▶ HOW TO COMPLETE THIS TASK: Please repeat, exactly as written, the line containing "チキン南蛮が看板商品らしいで" and every line after it through the end of the records below, leaving out any pictures.

── RECORDS ──

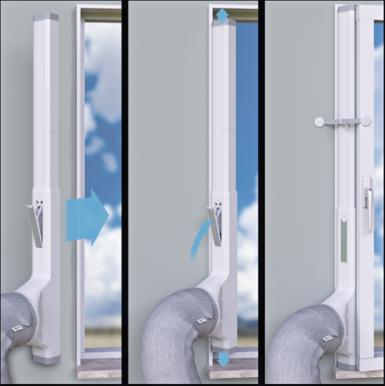 Du kan nemt tilslutte dit mobile klimaanlæg til et vindue med som du kan købe vores .
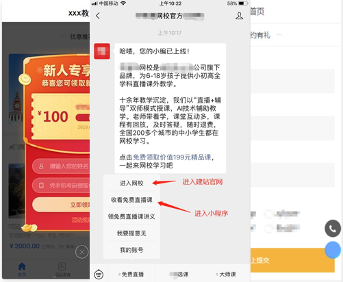 某网校在2003年开始进军教育行业,主攻课外辅导,为了突破地域的限制,降低公司运营成本,在国内互联网异军突起的时候,抓住先机,改变单一的线下教育模式。利用PC端、手机端、以及小程序等页面展示公司实力,课程信息,师资力量等,吸引不同端口的流量,从而获客引流。
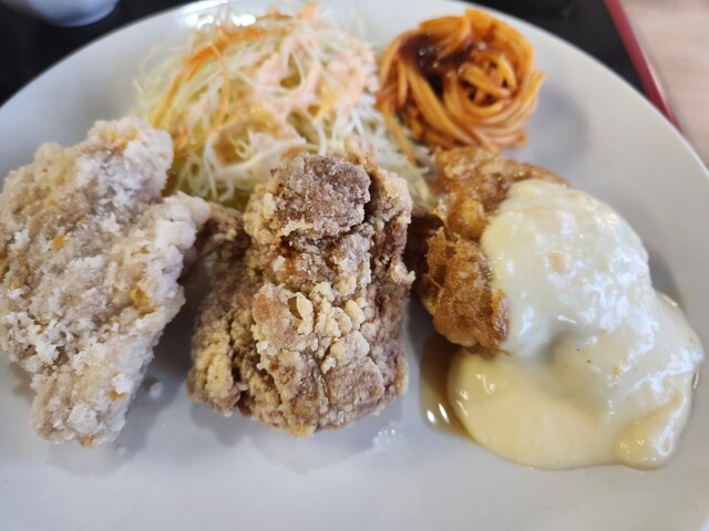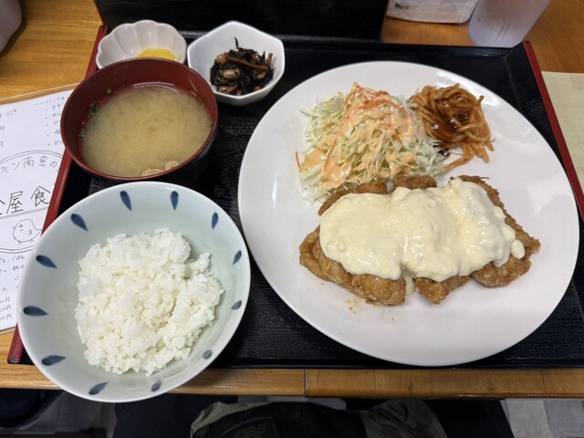 チキン南蛮が看板商品らしいですが、唐揚げ等も注文が多いようだったので、今回はチキン南蛮、塩唐揚げ、ニンニク醤油唐揚げがメインの金屋定食(980円)にしました
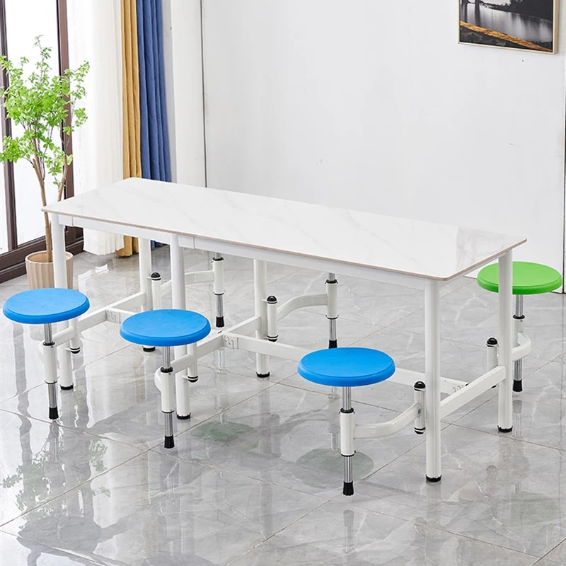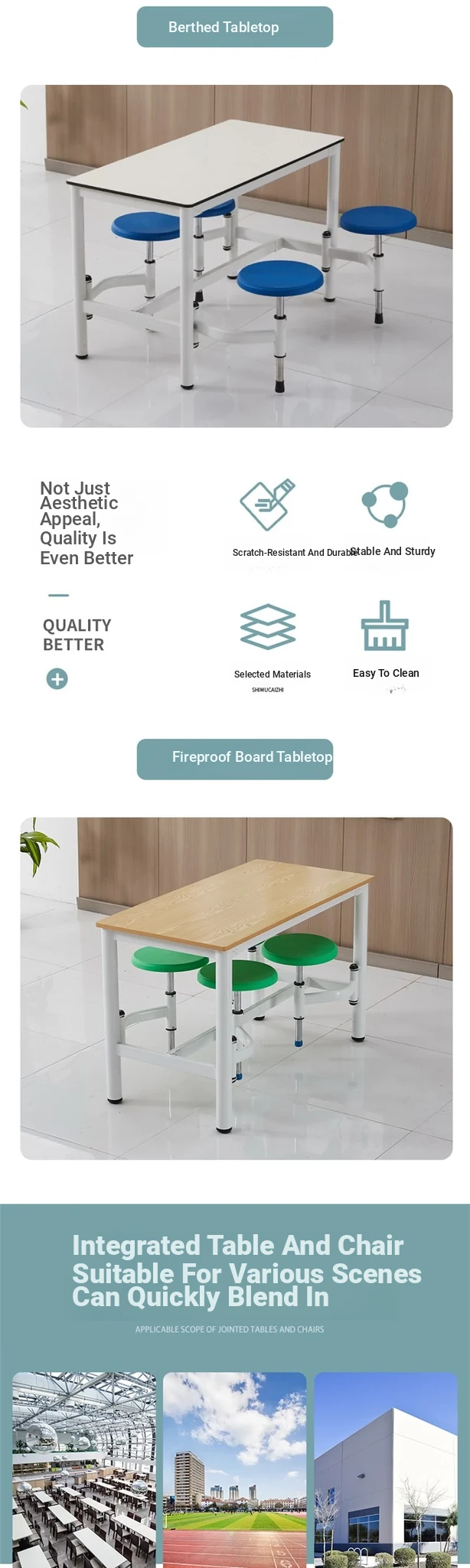 Modern School Cafeteria Four-Person Dining Table Set - Versatile and Space-Saving Furniture for Company Staff and Fast Food Restaurants
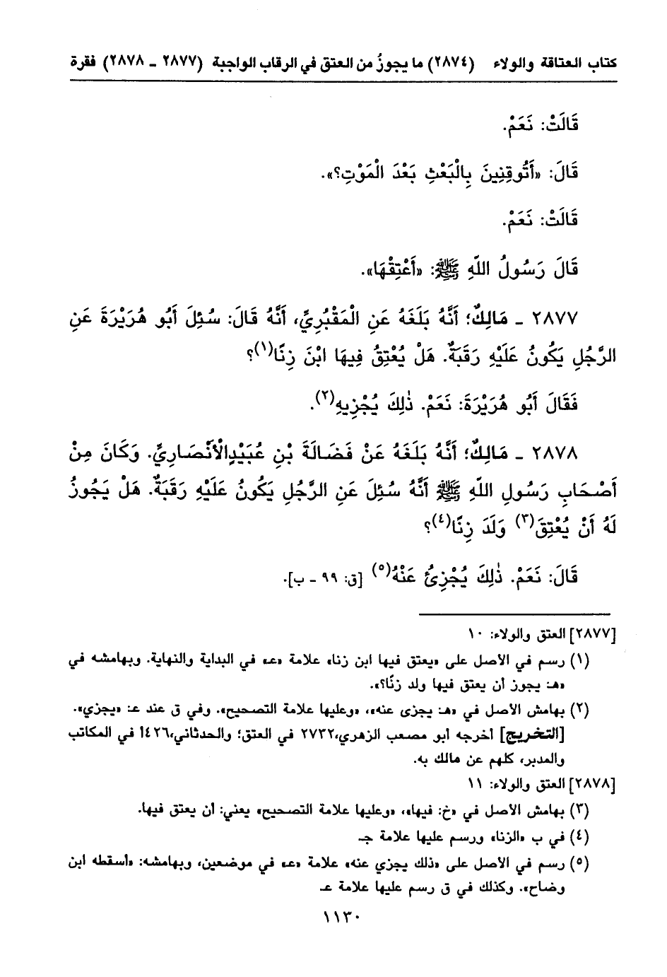 ٢٨٧٧ - مَالِكٌ؛ أَنَّهُ بَلَغَهُ عَنِ الْمَقْبُرِيِّ، أَنَّهُ قَالَ: سُئِلَ أَبُو هُرَيْرَةَ عَنِ الرَّجُلِ يَكُونُ عَلَيْهِ رَقَبَةٌ. هَلْ يُعْتِقُ فِيهَا ابْنَ زِناً (١)؟
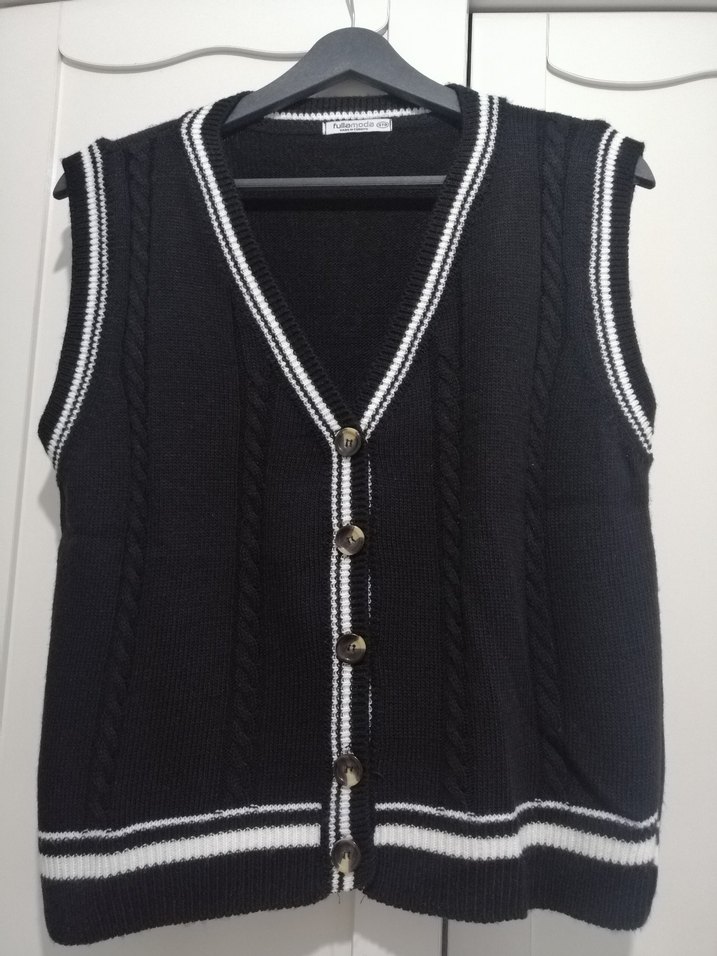 Siyah, örgü kumaştan yapılmış, düğmeli ve V yaka detaylı, kolsuz, fitted kesim süveter. Beyaz şeritlerle süslenmiş, günlük ve sokak stiline uygun. beden standart. Yeni hiç kullanılmadı
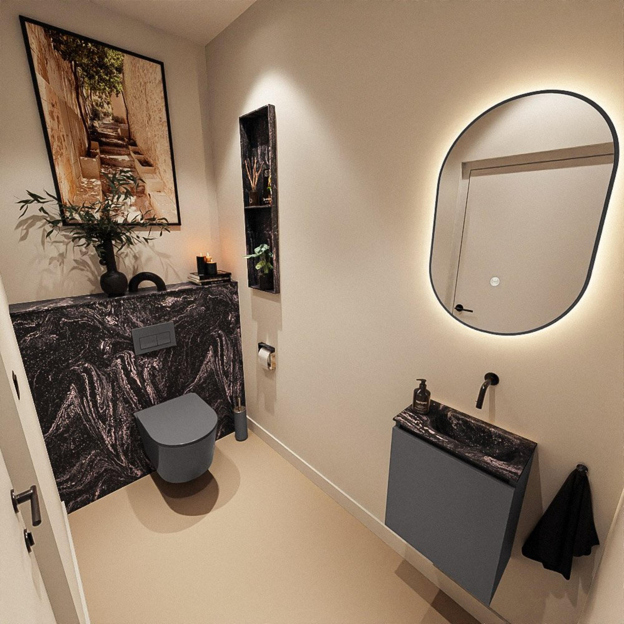 MONDIAZ TURE-DLUX Meuble de toilettes 40 cm Dark Grey. EDEN lavabo Lava position à droite. Sans trou de robinet.
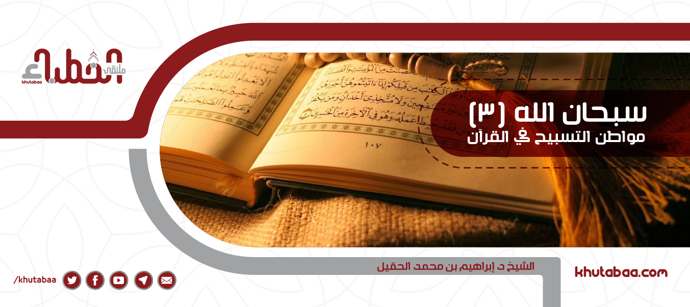 وَفِي الْقُرْآنِ الْكَرِيمِ تَسْبِيحٌ لِلَّهِ -تَعَالَى- كَثِيرٌ؛ لِيَرْتَاضَ لِسَانُ قَارِئِ الْقُرْآنِ عَلَى تَسْبِيحِهِ -تَعَالَى-، مُوَاطِئًا قَلْبُهُ لِسَانَهُ فِي تَعْظِيمِهِ وَإِجْلَالِهِ. وَتَسْبِيحُ اللَّهِ -تَعَالَى- جَاءَ فِي الْقُرْآنِ فِي سِيَاقَاتٍ عَظِيمَةٍ، يَنْبَغِي لِقَارِئِ الْقُرْآنِ أَنْ يَفْطَنَ لَهَا وَيَتَأَمَّلَهَا؛ لِيُنَزِّهَ اللَّهَ -تَعَالَى- وَيُعَظِّمَهُ وَيُثْنِيَ عَلَيْهِ بِمَا هُوَ أَهْلُهُ.
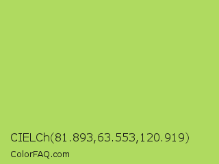 CIELCh 81.893,63.553,120.919 Color is a light green color and the nearest color is June Bud #bdda57. Hex code #afda60 and RGB value is rgb(175,218,96). In RGB color space, this color is composed of 69% red, 85% green, 38% blue, In CMYK color space, this color is composed of 20% cyan, 0% magenta, 56% yellow , 15% black , In HSL color space, this color has a hue angle of 81° , 62% saturation and 62% lightness.

───

▶ EXERCISE OUTPUT:
 チキン南蛮が看板商品らしいですが、唐揚げ等も注文が多いようだったので、今回はチキン南蛮、塩唐揚げ、ニンニク醤油唐揚げがメインの金屋定食(980円)にしました
 Modern School Cafeteria Four-Person Dining Table Set - Versatile and Space-Saving Furniture for Company Staff and Fast Food Restaurants
 ٢٨٧٧ - مَالِكٌ؛ أَنَّهُ بَلَغَهُ عَنِ الْمَقْبُرِيِّ، أَنَّهُ قَالَ: سُئِلَ أَبُو هُرَيْرَةَ عَنِ الرَّجُلِ يَكُونُ عَلَيْهِ رَقَبَةٌ. هَلْ يُعْتِقُ فِيهَا ابْنَ زِناً (١)؟
 Siyah, örgü kumaştan yapılmış, düğmeli ve V yaka detaylı, kolsuz, fitted kesim süveter. Beyaz şeritlerle süslenmiş, günlük ve sokak stiline uygun. beden standart. Yeni hiç kullanılmadı
 MONDIAZ TURE-DLUX Meuble de toilettes 40 cm Dark Grey. EDEN lavabo Lava position à droite. Sans trou de robinet.
 وَفِي الْقُرْآنِ الْكَرِيمِ تَسْبِيحٌ لِلَّهِ -تَعَالَى- كَثِيرٌ؛ لِيَرْتَاضَ لِسَانُ قَارِئِ الْقُرْآنِ عَلَى تَسْبِيحِهِ -تَعَالَى-، مُوَاطِئًا قَلْبُهُ لِسَانَهُ فِي تَعْظِيمِهِ وَإِجْلَالِهِ. وَتَسْبِيحُ اللَّهِ -تَعَالَى- جَاءَ فِي الْقُرْآنِ فِي سِيَاقَاتٍ عَظِيمَةٍ، يَنْبَغِي لِقَارِئِ الْقُرْآنِ أَنْ يَفْطَنَ لَهَا وَيَتَأَمَّلَهَا؛ لِيُنَزِّهَ اللَّهَ -تَعَالَى- وَيُعَظِّمَهُ وَيُثْنِيَ عَلَيْهِ بِمَا هُوَ أَهْلُهُ.
 CIELCh 81.893,63.553,120.919 Color is a light green color and the nearest color is June Bud #bdda57. Hex code #afda60 and RGB value is rgb(175,218,96). In RGB color space, this color is composed of 69% red, 85% green, 38% blue, In CMYK color space, this color is composed of 20% cyan, 0% magenta, 56% yellow , 15% black , In HSL color space, this color has a hue angle of 81° , 62% saturation and 62% lightness.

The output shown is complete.